**MATERIAL SUPPLIED**
- - -
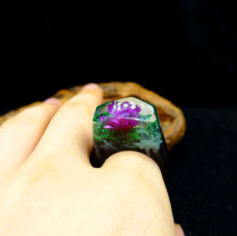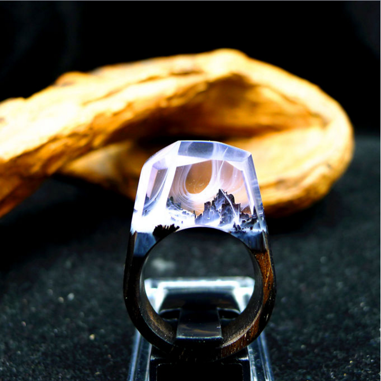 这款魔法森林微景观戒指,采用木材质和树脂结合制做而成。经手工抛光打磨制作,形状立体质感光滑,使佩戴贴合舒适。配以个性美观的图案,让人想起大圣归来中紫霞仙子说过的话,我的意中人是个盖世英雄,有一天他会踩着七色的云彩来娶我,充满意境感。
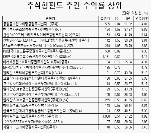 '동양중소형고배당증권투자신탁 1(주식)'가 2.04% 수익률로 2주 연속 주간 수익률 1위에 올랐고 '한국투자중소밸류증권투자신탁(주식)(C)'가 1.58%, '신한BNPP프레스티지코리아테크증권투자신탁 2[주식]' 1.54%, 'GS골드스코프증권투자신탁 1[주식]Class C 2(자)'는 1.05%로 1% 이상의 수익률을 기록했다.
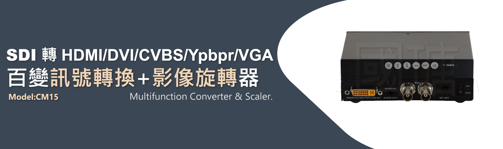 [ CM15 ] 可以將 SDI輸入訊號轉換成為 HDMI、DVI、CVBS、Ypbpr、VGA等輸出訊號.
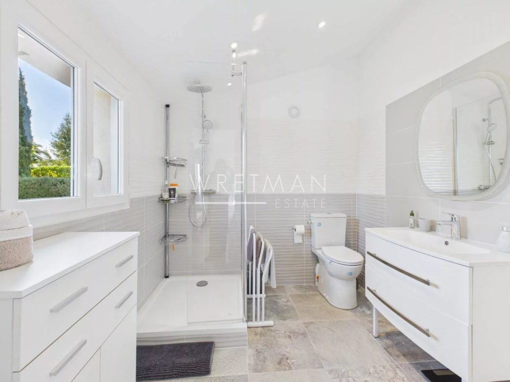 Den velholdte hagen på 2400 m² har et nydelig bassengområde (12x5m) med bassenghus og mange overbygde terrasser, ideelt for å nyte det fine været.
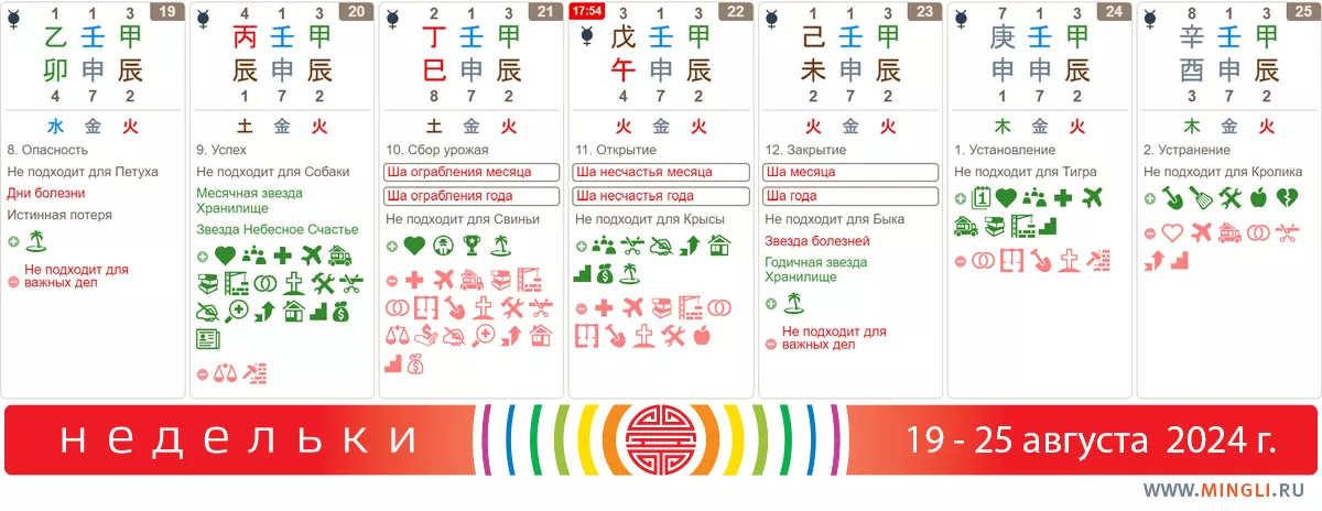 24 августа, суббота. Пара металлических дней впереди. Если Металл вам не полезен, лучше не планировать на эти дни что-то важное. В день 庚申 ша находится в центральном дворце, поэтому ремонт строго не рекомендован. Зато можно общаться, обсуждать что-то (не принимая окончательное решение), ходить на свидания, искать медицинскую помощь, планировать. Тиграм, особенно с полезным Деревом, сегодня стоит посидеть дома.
- - -
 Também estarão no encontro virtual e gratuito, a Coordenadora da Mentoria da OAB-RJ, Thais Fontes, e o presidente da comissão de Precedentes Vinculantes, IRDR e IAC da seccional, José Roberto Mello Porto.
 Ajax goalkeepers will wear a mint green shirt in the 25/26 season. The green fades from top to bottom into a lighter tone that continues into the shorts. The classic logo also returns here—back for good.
- - -
**ACTIVITY**
Start at the line above containing "이상의 수익률을 기록했다." and stop at the line containing "24 августа, суббота.": print those lines and everything between them exactly, but not the pictures.

**ANSWER FOR THE TASK**
 '동양중소형고배당증권투자신탁 1(주식)'가 2.04% 수익률로 2주 연속 주간 수익률 1위에 올랐고 '한국투자중소밸류증권투자신탁(주식)(C)'가 1.58%, '신한BNPP프레스티지코리아테크증권투자신탁 2[주식]' 1.54%, 'GS골드스코프증권투자신탁 1[주식]Class C 2(자)'는 1.05%로 1% 이상의 수익률을 기록했다.
 [ CM15 ] 可以將 SDI輸入訊號轉換成為 HDMI、DVI、CVBS、Ypbpr、VGA等輸出訊號.
 Den velholdte hagen på 2400 m² har et nydelig bassengområde (12x5m) med bassenghus og mange overbygde terrasser, ideelt for å nyte det fine været.
 24 августа, суббота. Пара металлических дней впереди. Если Металл вам не полезен, лучше не планировать на эти дни что-то важное. В день 庚申 ша находится в центральном дворце, поэтому ремонт строго не рекомендован. Зато можно общаться, обсуждать что-то (не принимая окончательное решение), ходить на свидания, искать медицинскую помощь, планировать. Тиграм, особенно с полезным Деревом, сегодня стоит посидеть дома.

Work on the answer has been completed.